Il ressort de l’étude du décompte que deux virements de 8.000 euros ont été réalisés fin février 2024 en vue de l’apurement de la dette mais aussi des versements assez irréguliers au cours de l’année 2024. Toutefois l’indemnité d’occupation courante est réglée correctement depuis septembre 2024 et des sommes supplémentaires sont versées en vue de l’apurement de la dette.
Si M. [P] [M] [S] ne justifie d’aucune démarche de relogement dans le parc privé ou public, pour apurer la majorité de sa dette locative il établit avoir souscrit en février 2024 un prêt bancaire de 10.000 euros remboursable en 120 mensualités de 123,54 euros. Il a également fait l’objet d’un diagnostic social le 5 août 2024 établi par un travail social mandaté par Action Logement et a été orienté vers une mesure d’accompagnement individualisé depuis, ce qu’il démontre. Il est accompagné par ESPERER 95 pour la gestion de son budget.
Le bailleur est un organisme social, dont la mission est notamment de loger des personnes en situation précaire. Il ne s’oppose pas à l’octroi d’un délai couvrant la trêve hivernale sous réserve du règlement de l’indemnité d’occupation et du reliquat de la dette. Il n’exclut pas la signature d’un nouveau bail si M. [P] [M] [S] respecte ses engagements.
A cet égard M.[P] [M] [S] s’est fortement mobilisé et a réalisé de réels efforts de paiement, démontrant ainsi sa bonne foi.
En raison de ces éléments et des difficultés actuelles de M. [P] [M] [S], il convient d’accorder un délai de 6 mois, soit jusqu’au 13 juin 2025, pour quitter le logement ou pouvoir espérer s’y maintenir s’il respecte parfaitement ses engagements, par la signature envisagée d’un nouveau contrat de location.
A l’expiration de ce délai il pourra, le cas échéant, être procédé à l’expulsion.
L’octroi de ces délais est toutefois subordonné à la poursuite du paiement régulier et ponctuel de l’indemnité d’occupation courante.

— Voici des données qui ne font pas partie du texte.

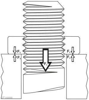 由于牙形的角度改变,使施加在螺纹间接触所产生的法向力与螺栓轴成60度角,而不是像普通螺纹那样的30度角。显然30°楔形螺纹法向压力远远大于扣紧压力,因此,所产生的防松摩擦力也就必然大大增加了。
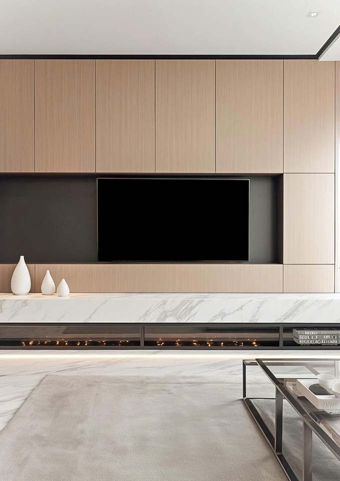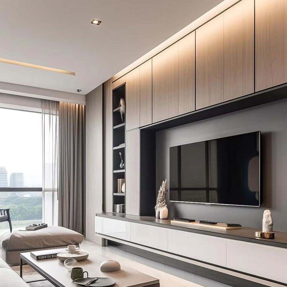 Luxury Design Living Room Furniture Modern Wood Grain Wall Mounted Tv Cabinet
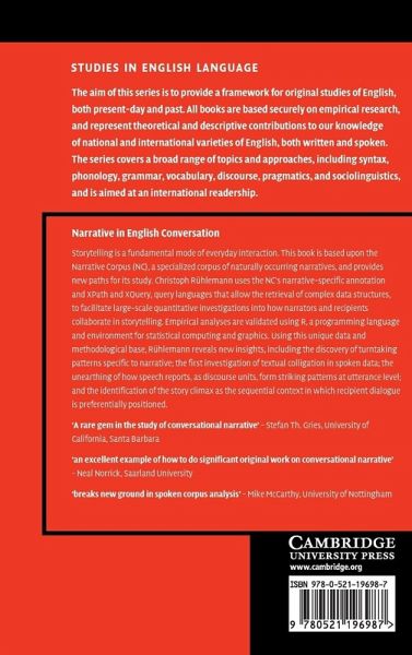 Storytelling is a fundamental mode of everyday interaction. This book is based upon the Narrative Corpus (NC), a specialized corpus of naturally occurring narratives, and provides new paths for its study. Christoph Rühlemann uses the NC's narrative-specific annotation and XPath and XQuery, query languages that allow the retrieval of complex data structures, to facilitate large-scale quantitative investigations into how narrators and recipients collaborate in storytelling. Empirical analyses are validated using R, a programming language and environment for statistical computing and graphics. Using this unique data and methodological base, Rühlemann reveals new insights, including the discovery of turntaking patterns specific to narrative, the first investigation of textual colligation in spoken data, the unearthing of how speech reports, as discourse units, form striking patterns at utterance level, and the identification of the story climax as the sequential context in which recipient dialogue is preferentially positioned.
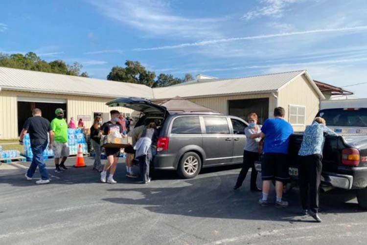 Volunteers loading vehicles with Thanksgiving baskets last Thursday in Lake City. -Photo: Submitted
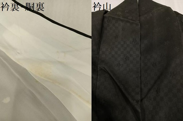 状態は接写画像のように衿裏・胴裏・衿山に薄い汚れがございますが
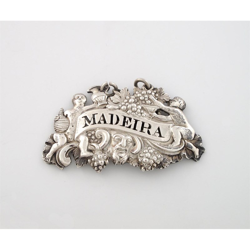 with bacchanalian revellers with a ewer and trailing grapevines, pierced 'MADEIRA', length 6cm.
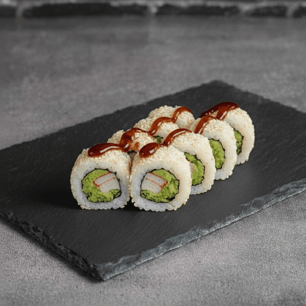 Сурими, огурчик, соус гуакомоле, рис, нори, соус унаги
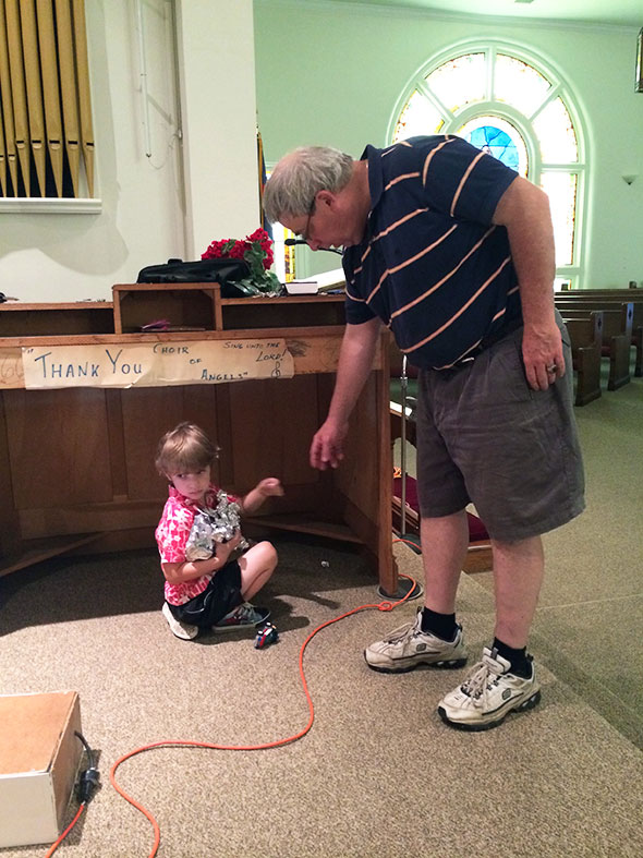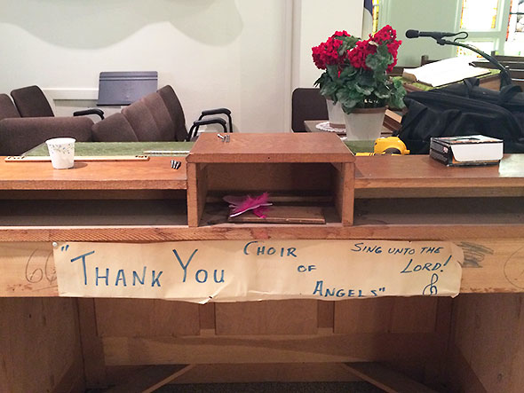 Earlier in the week, I posted the question to Facebook after seeing the workcrew’s selfie: “How many Methodists does it take to change a light bulb?” My friend and fellow choir member Carol Cottom replied. To wit, she said: “As many as it takes, but they’ll have some food while they are about it and take an offering at the end.”
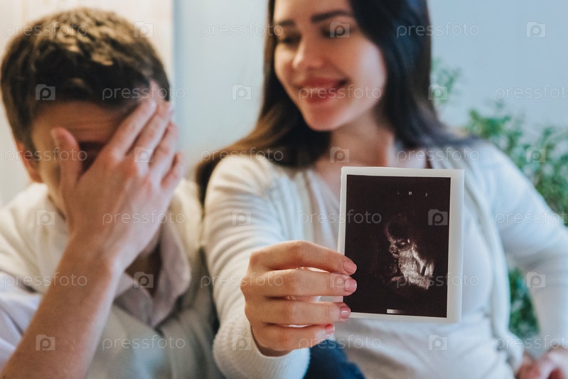 Молодая пара ждет ребенка. Счастливая беременная женщина показывает мужу УЗИ беременности

Il convient de rappeler que la trêve hivernale fixée par l’article L412-6 du code des procédures civiles d’exécution empêche en pratique l’expulsion entre le 1er novembre et le 31 mars et que, par dérogation au premier alinéa de ce texte, le sursis qui peut être accordé ne s’applique pas lorsque la mesure d’expulsion a été prononcée en raison d’une introduction sans droit ni titre dans le domicile d’autrui par voie de fait.
En application de l’article L.412-5 du code des procédures civiles d’exécution, la présente décision sera adressée, par lettre simple au Préfet du Val-d’Oise, en vue de la prise en compte de la demande de relogement de l’occupant dans le cadre du plan départemental d’action pour le logement des personnes défavorisées.
La nature de la demande impose de laisser les dépens à la charge de M. [S] [P] [M].
PAR CES MOTIFS
LE JUGE DE L’EXÉCUTION,
Statuant par jugement en premier ressort et contradictoire, rendu par mise à disposition au greffe ;
Accorde à M. [P] [M] [S] un délai de 6 mois, soit jusqu’au 13 juin 2025 inclus pour se maintenir dans les lieux situés [Adresse 3] à [Localité 9] ;
Dit que ce délai est subordonné au paiement ponctuel et régulier de l’indemnité d’occupation ;
Dit qu’à défaut de paiement d’une seule mensualité, le délai sera caduc et l’expulsion pourra être poursuivie ;
Rappelle que la période de trêve hivernale empêchant en pratique l’expulsion s’étend du 1er novembre au 31 mars ;
Condamne M. [S] [P] [M] aux dépens ;
Dit que la présente décision sera adressée par le secrétariat-greffe, par lettre simple, au Préfet du VAL D’OISE – Service des Expulsions ;
Rappelle que la présente décision bénéficie de l’exécution provisoire de droit.